-- Problem to work on --
Would you output all the lines below precisely as they stand, leaving each picture out?

-- Data excerpt --
★ ★ ★ ★ ★
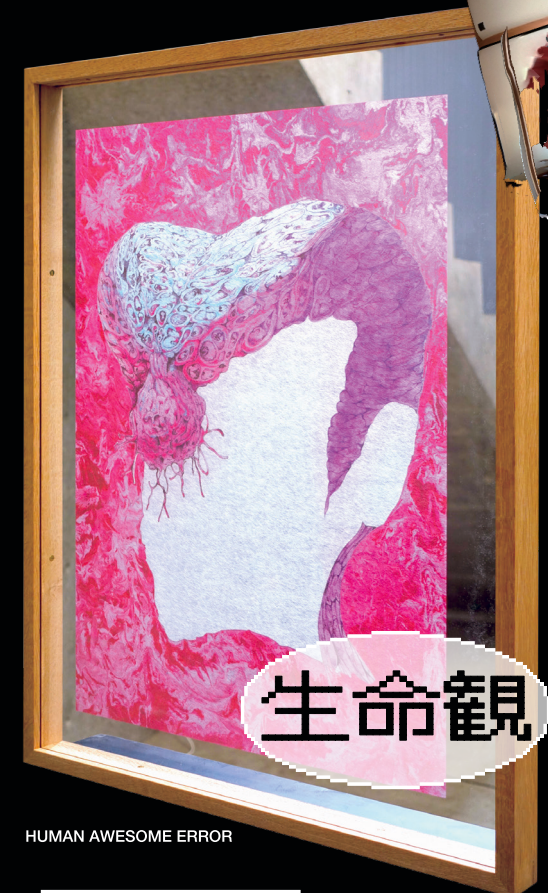
HUMAN AWESOME ERROR
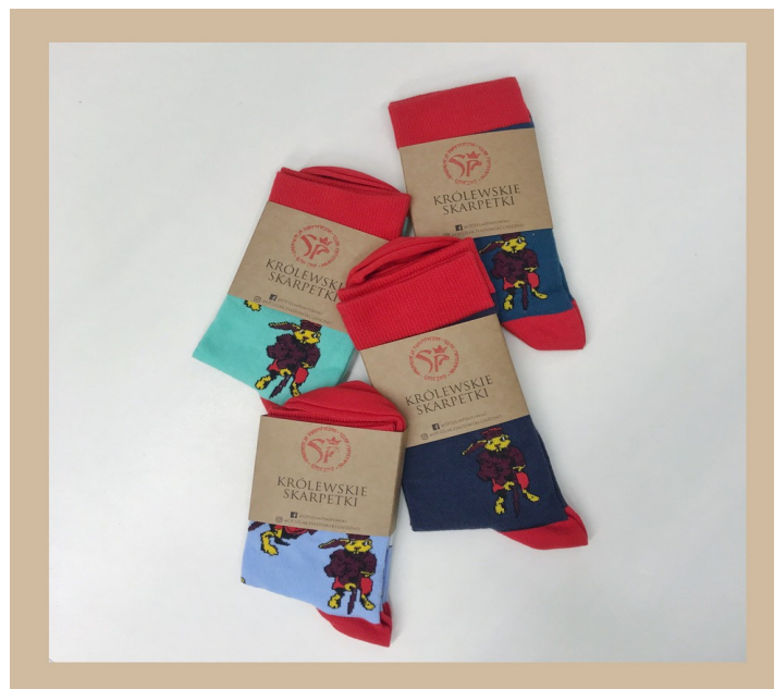
Zdj. Królewskie skarpetki
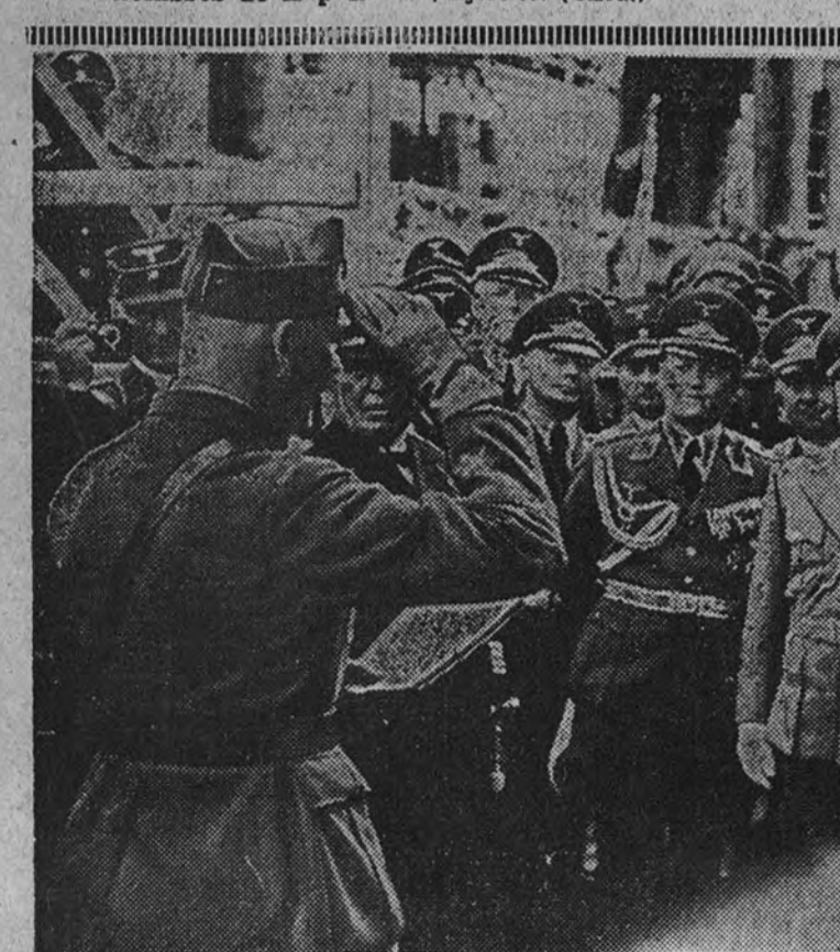
El general jefe de la Legión Cóndor, Richthofen, saluda al mariscal Goering a su llegada al puerto de Hamburgo

Unidad entre las clases de España. Unidad entre las tierras de España. Unidad en el hombre y entre los hombres de España
★ ★ ★ ★ ★
-- Answer box --
HUMAN AWESOME ERROR
Zdj. Królewskie skarpetki
El general jefe de la Legión Cóndor, Richthofen, saluda al mariscal Goering a su llegada al puerto de Hamburgo

Unidad entre las clases de España. Unidad entre las tierras de España. Unidad en el hombre y entre los hombres de España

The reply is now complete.